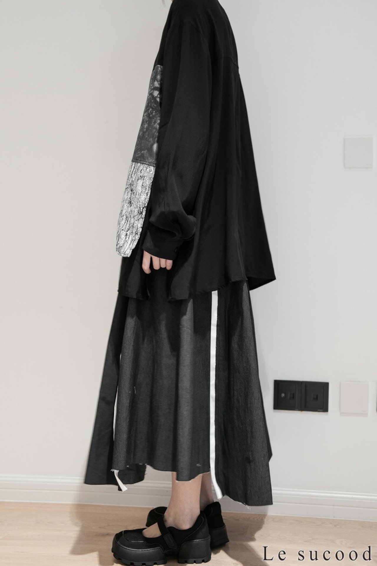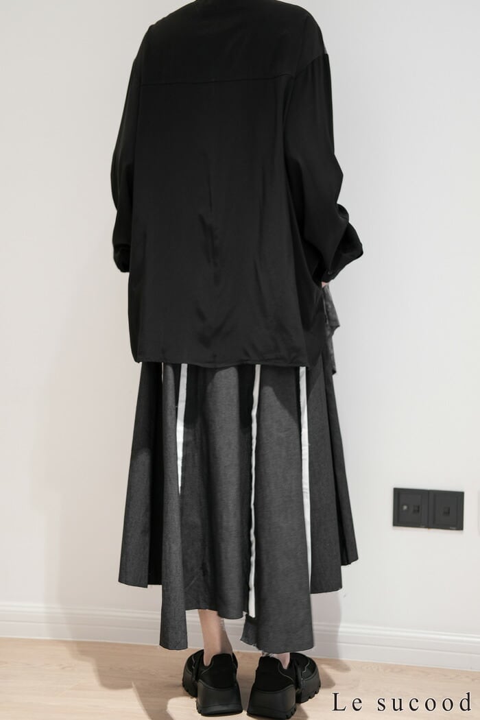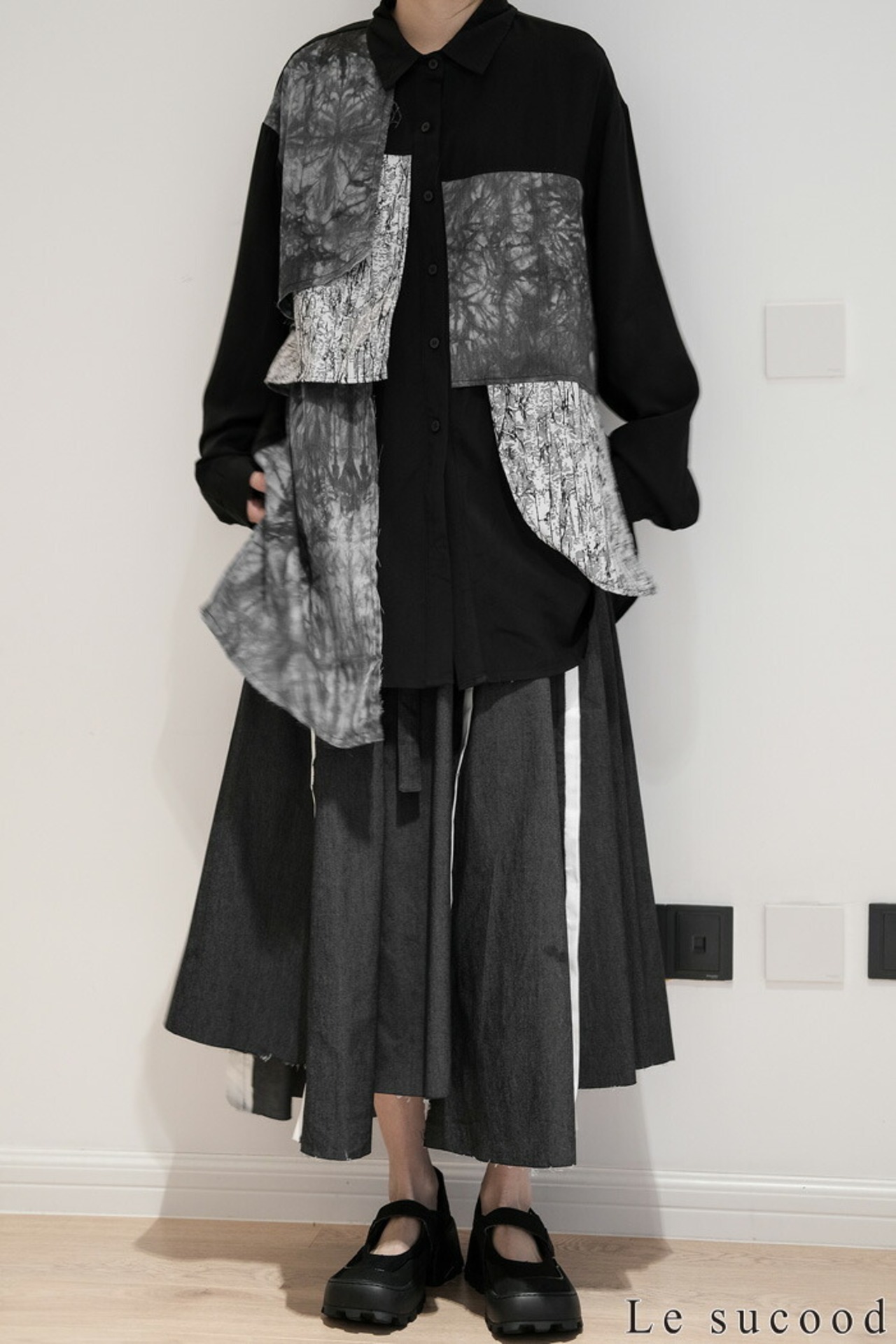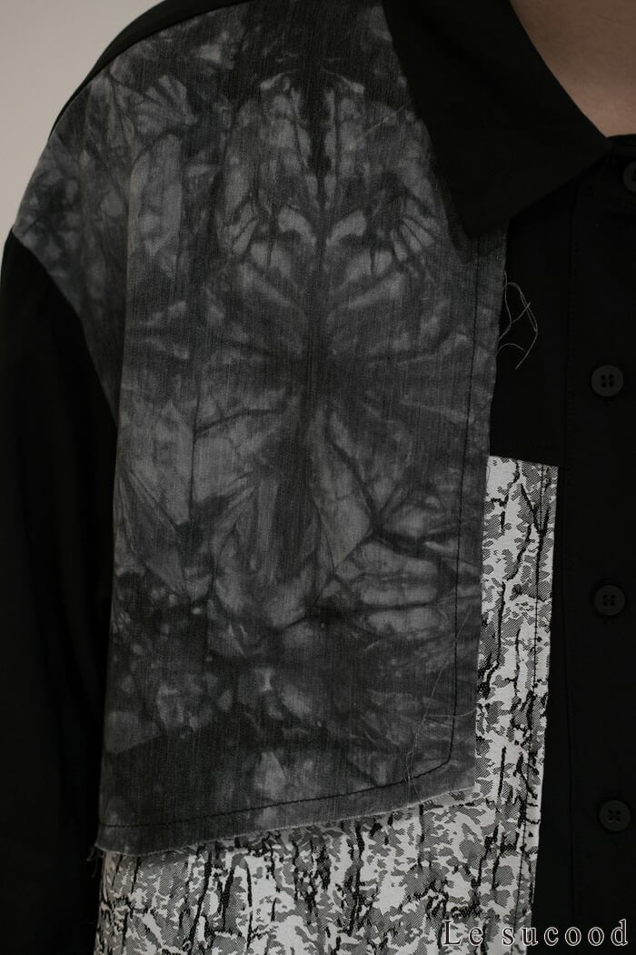【Le sucood】【お支払い確認後20日以内発送】 切り替え 襟付きシャツ モザイク柄 アシメシャツ パッチワークシャツ ルーズシャツ オーバーサイズシャツ ドロップショルダー 長袖 ゆったり ルーズ モノトーン カジュアル レディース きれいめ ストリート モード系 サロン系 個性的 原宿系 青文字系 | Le sucood
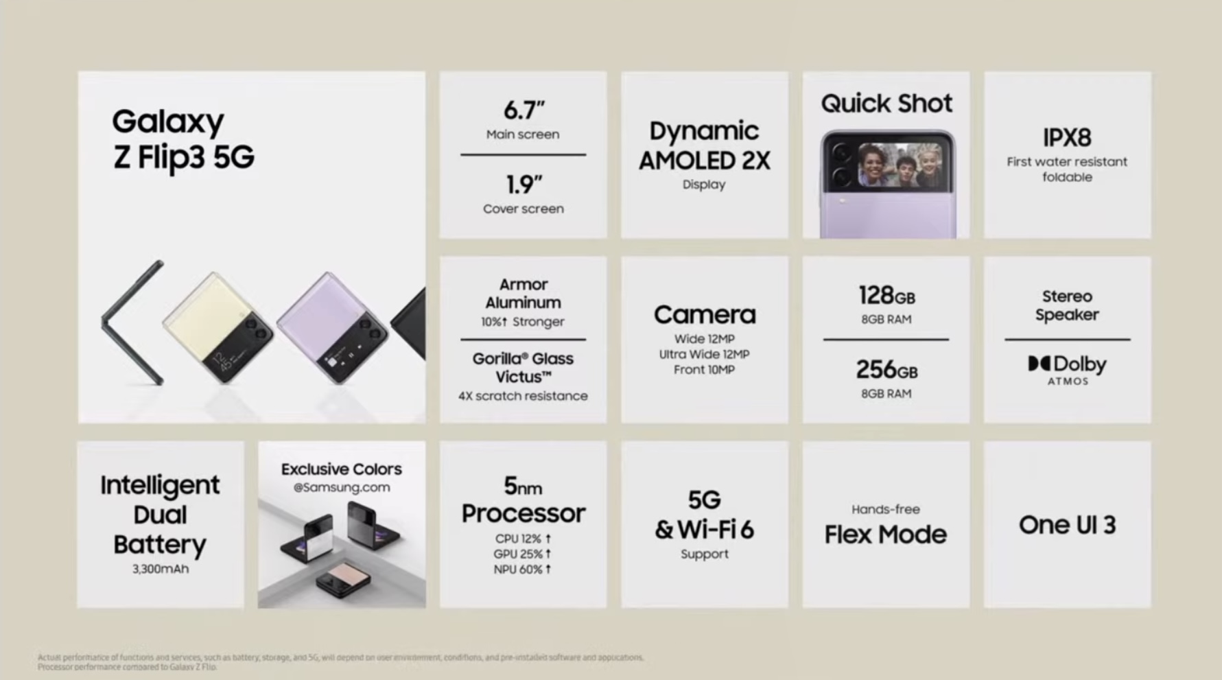 Galaxy Z Flip3 วางจำหน่ายในราคา 34,900 บาท (128GB) และ 36,900 บาท (256GB) มาในตัวเลือก 4 สีสุดโมเดิร์น ได้แก่ สีครีม, สีเขียว, สีม่วงลาเวนเดอร์ และ สีดำ Phantom Black โดยใน samsung.com จะมีสีพิเศษ White, Pink, Gray
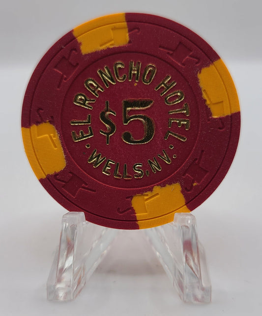 El Rancho Hotel Casino Wells Nevada 1972 $5 Chip N2366
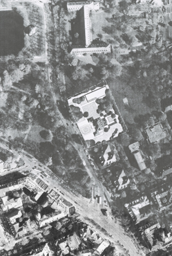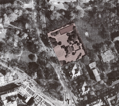 Unter weitgehender Schonung des Baumbestandes sind die Funktionen der Akademie und die Veranstaltungsräume in einer simplen "Kiste" organisiert, die aus dem Wechselspiel mit dem Park und dem durch Lufträume gebildeten Raumkontinuum lebt.

▸ PROBLEM STATEMENT
The copy has to start at the line that contains "El Rancho Hotel" and end at the last line of the material above, matching the original exactly and holding no pictures.

▸ FINISHED TASK
 El Rancho Hotel Casino Wells Nevada 1972 $5 Chip N2366
 Unter weitgehender Schonung des Baumbestandes sind die Funktionen der Akademie und die Veranstaltungsräume in einer simplen "Kiste" organisiert, die aus dem Wechselspiel mit dem Park und dem durch Lufträume gebildeten Raumkontinuum lebt.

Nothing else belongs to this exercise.